В сейфе была коробка с сигарами, бутылка старого дорогого коньяка, несколько жетонов на сто франков в потрепанном кошельке — сувенир из первой поездки в Монте-Карло... Он взял их, погладил и подкинул в ладони:

— Достань листок из желтого конверта, дорогая, и читай, только медленно и отчетливо...

Элен читала:

— «Семнадцать тысяч акций “Бразилиан матч корпорейшн”...»

Он закрыл лицо руками и тихо, глухим и монотонным голосом сказал:

— Банкрот...

— «Сталелитейный завод в Бельгии... двадцать две тысячи акций...»

— Ликвидация по решению суда...

— «Водолечебницы в Санта-Барбаре... двенадцать тысяч акций...»

— Банкрот...

— «Казино в Бельвю... пять тысяч акций...»

Он не ответил, лишь пожал плечами и устало улыбнулся; она продолжала читать, и на каждое название он отвечал монотонным мрачным голосом:

— Тут уж ничего не поделаешь...

Элен медленно сложила лист:

— Это все, папа...

— Ладно, — сказал он, — спасибо, дочка... Иди спать, уж поздно... Ну что ж? Это не моя вина, я бы вовек не поверил, что кончу так скоро... Как быстро пролетает жизнь...

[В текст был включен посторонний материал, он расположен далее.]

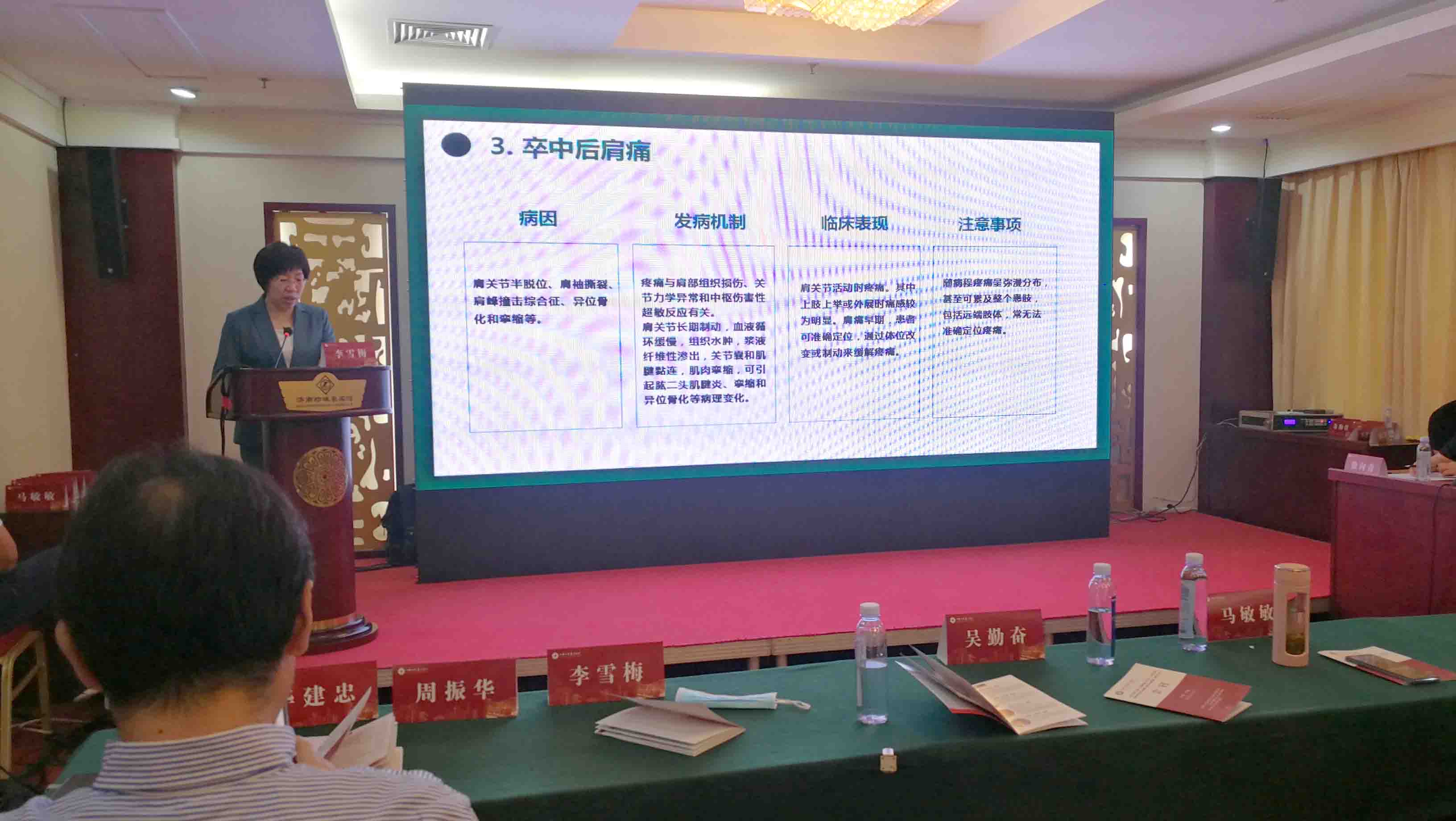 分会委员、潍坊医学院附属医院李雪梅讲授“重视老年卒中后疼痛”。介绍了卒中后疼痛的定义,并提出卒中后疼痛发生率高、关注度差、缓解率低等现状,重点对卒中后中枢性疼痛、痉挛相关性疼痛、卒中后肩痛、复杂区域性疼痛综合征、卒中后头痛等卒中后疼痛类型的临床表现、诊断标准、评估和综合管理进行了深入讲解,引发与会者对卒中后疼痛的关注。

Элен оставила его; с тех пор как отец заболел, он спал один, в другом крыле дома, и с наступлением ночи не выходил в гостиную, где по наказу доктора для очищения воздуха окна оставляли отворенными круглые сутки. Элен пошла к себе. В комнате матери горел свет. Услышав странные звуки, словно ножницами резали толстую пачку бумаг, она быстро глянула из ванной комнаты в стеклянную дверь. Белла, полуголая, сидела на кровати, лицо ее было перед сном густо намазано кремом, подбородок подтянут резиновой лентой. Она держала на коленях стопку аккуратно сложенных бумаг, на которых Элен успела прочесть «Банк “Национальный кредит”...», и, старательно отрезая ножницами купоны, складывала их в конверт.

22

Прощай, прекрасная грешница (ит.).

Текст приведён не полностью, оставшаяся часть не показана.